Problem:
Print exactly the lines from the one that contains "ヨーグルトメーカー はっこーさんの解説 25gのヨーグルトが500gに増える!コスパ抜群のヨーグルトメーカー。" through the last line of the material, both included, and leave out all pictures.

Information shown:
******

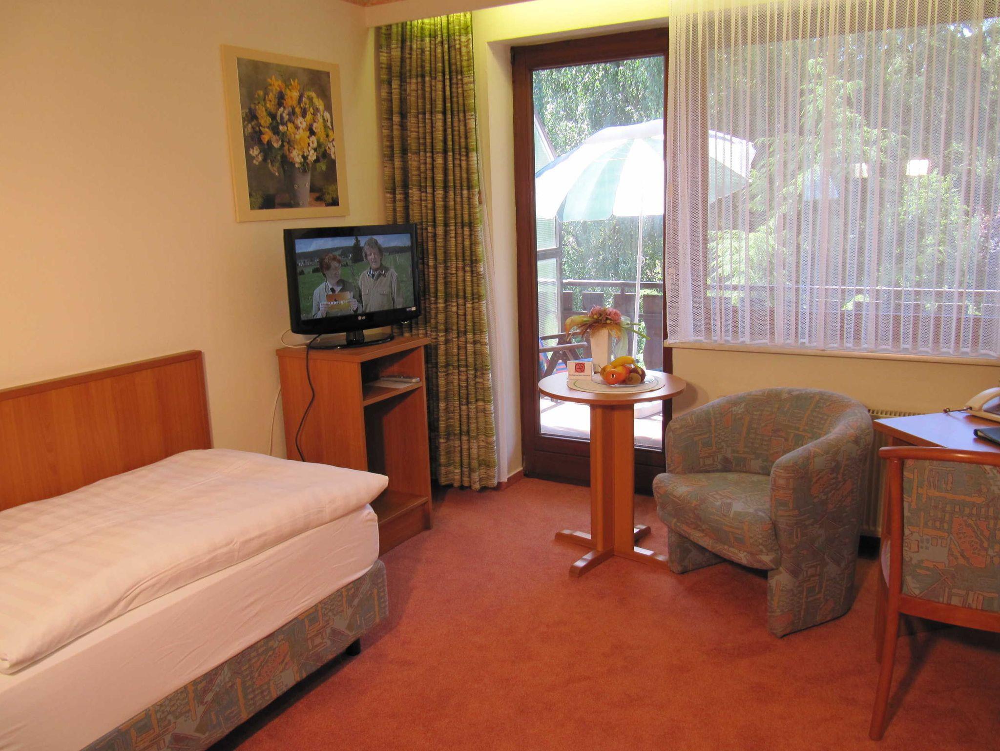 • Standard-Einzelzimmer (20 qm) mit Balkon bzw. Terrasse zur Westseite,
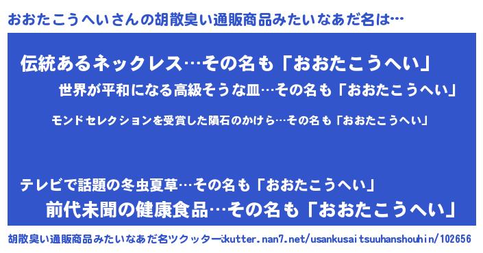 | 男性向けラノベタイトル風あだ名 | 『ノーゲーム・ノーオオタコウヘイ』 |
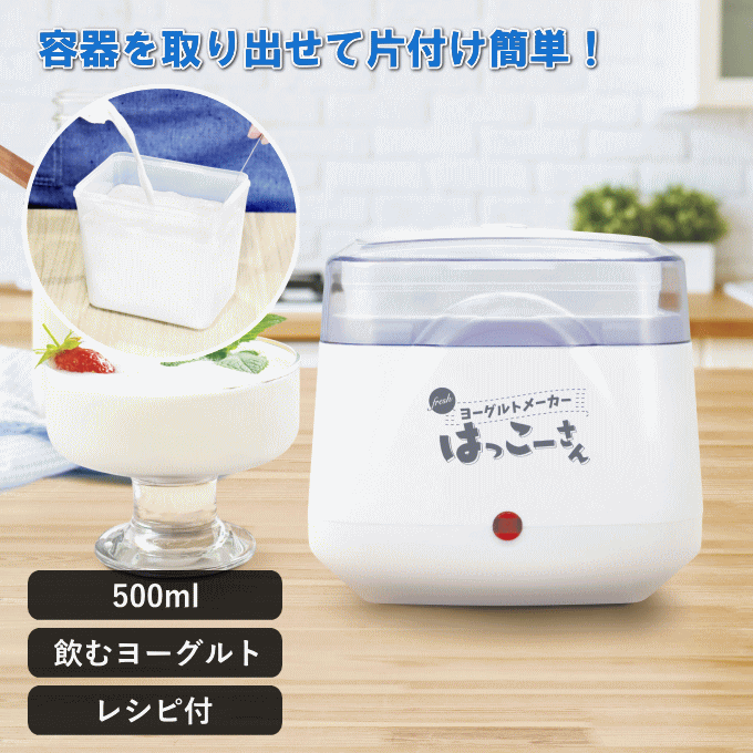 ヨーグルトメーカー はっこーさんの解説 25gのヨーグルトが500gに増える!コスパ抜群のヨーグルトメーカー。 準備する食材は牛乳と少量のヨーグルトだけでOK。専用容器に入れてよくかき混ぜた後、本製品にセットして発酵させるとヨーグルトやのむヨーグルトが簡単に作れます。カラダがよろこぶ発酵食品を、毎日の食卓に。すぐに作れるアレンジレシピ付き。 ヨーグルトメーカー はっこーさんの詳細 サイズ (約) 13.5×12×14cm 重量(約) 430g(専用容器含む) 材質 ABS、P... 2,380円 税込 送料別 カードOK AZmax Direct ![]() | ||
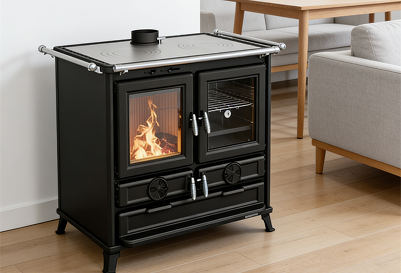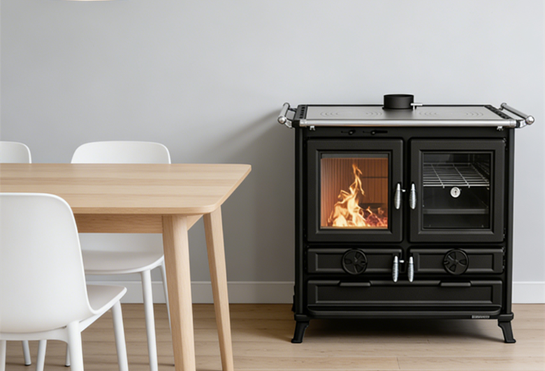 官网售价:¥60700,峰值功率13.9kw,燃烧效率86.7%,可供暖109m²,尺寸(高x宽x深)913x910x678mm,重量203Kg。壁炉以钢与铸铁精工打造,宽大换热面与加长强制烟道搭配不锈钢热交换器,复古手柄、摇动格栅、搪瓷铸铁炉门配750℃耐高温陶瓷玻璃,兼具颜值与实用。顶部铸铁烹饪板、带温感烤箱门,搭配43 升全景搪瓷烤箱,储物盘等一应俱全。

******

Expected answer:
 ヨーグルトメーカー はっこーさんの解説 25gのヨーグルトが500gに増える!コスパ抜群のヨーグルトメーカー。 準備する食材は牛乳と少量のヨーグルトだけでOK。専用容器に入れてよくかき混ぜた後、本製品にセットして発酵させるとヨーグルトやのむヨーグルトが簡単に作れます。カラダがよろこぶ発酵食品を、毎日の食卓に。すぐに作れるアレンジレシピ付き。 ヨーグルトメーカー はっこーさんの詳細 サイズ (約) 13.5×12×14cm 重量(約) 430g(専用容器含む) 材質 ABS、P... 2,380円 税込 送料別 カードOK AZmax Direct ![]() | ||
 官网售价:¥60700,峰值功率13.9kw,燃烧效率86.7%,可供暖109m²,尺寸(高x宽x深)913x910x678mm,重量203Kg。壁炉以钢与铸铁精工打造,宽大换热面与加长强制烟道搭配不锈钢热交换器,复古手柄、摇动格栅、搪瓷铸铁炉门配750℃耐高温陶瓷玻璃,兼具颜值与实用。顶部铸铁烹饪板、带温感烤箱门,搭配43 升全景搪瓷烤箱,储物盘等一应俱全。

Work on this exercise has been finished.